The Value of Plato

Filed under: Philosophy — Barry Carey at 4:53 pm on Wednesday, August 20, 2008

While reading Ronald H. Nash’s The Gospel and the Greeks, I came across the following quote of A. H. Arrstrong which came from his An Introduction to Ancient Philosophy. These comments, according to Nash, illustrate Plato’s relevance for Christian thought. I found them worthy of consideration.

Everyone who believes in an objective and unchanging standard of morality governing public as well as private life, in the soul as immaterial and immortal and the most important part of man, in the governance of the world by Divine Reason and in the existence of eternal archetypes or patters of all things that come to be and pass away, with which our behaviour and thought must conform, everyone who believes all this or an important part of it can claim to be in the tradition which goes back unbroken to Plato and Socrates: though the later development of teh Platonic school and, much more, the transforming influence of Christianity have very much altered the content of these beliefs, yet the tradition of their development has been continuous.

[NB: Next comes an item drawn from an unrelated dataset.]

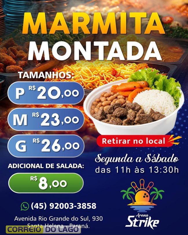 Quem busca praticidade no horário de almoço encontra no Arena Strike, em Santa Helena. O espaço oferece marmita montada com retirada no local, ideal para quem quer comer bem sem perder tempo.
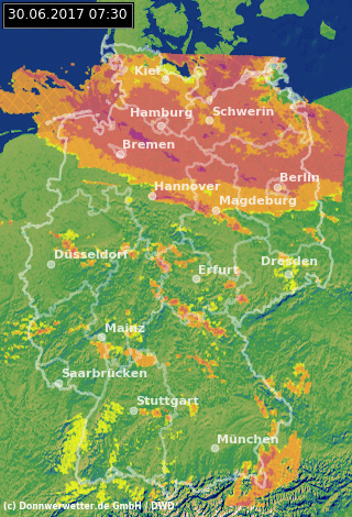 Die nächsten Stunden haben weiterhin jede Menge Regen im Gepäck. Nachdem gestern bereits im Osten und Südosten Deutschlands Regenmengen von teils über 120 l/m² niedergingen, konzentriert sich das Regengebiet aktuell vor allem auf die nördlichen und nordöstlichen Bundesländer.

However much we may find ourselves in disagreement with Plato on really serious and vitally important subjects, the nature of God, the eternity of the cosmos, the uncreatedness of matter, the value to be attached to the body and to sense experience… yet in other vital matters we are still of his school. As against the hosts of materialists, relativists, pragmatists, positivists, deniers of any eternal universal and objective truths or standards, who dominate so much of our thinking today and whose feebler predecessors were dealt with by Plato in his time, we who still hold to the older tradition are on Plato’s side and he and Socrates are on ours, and we should reverence them as of the greatest among the founders and fathers of our thought.

Armstrong has succinctly identified the major areas of commonality and difference between Christian teaching and Plato. I couldn’t agree more with his commendation of ancient philosophy. There is much to gain by reading and understanding the arguments of old as they are still fresh and relevant today. One who is equipped with such knowledge will be be better able to defeat today’s false philosophies.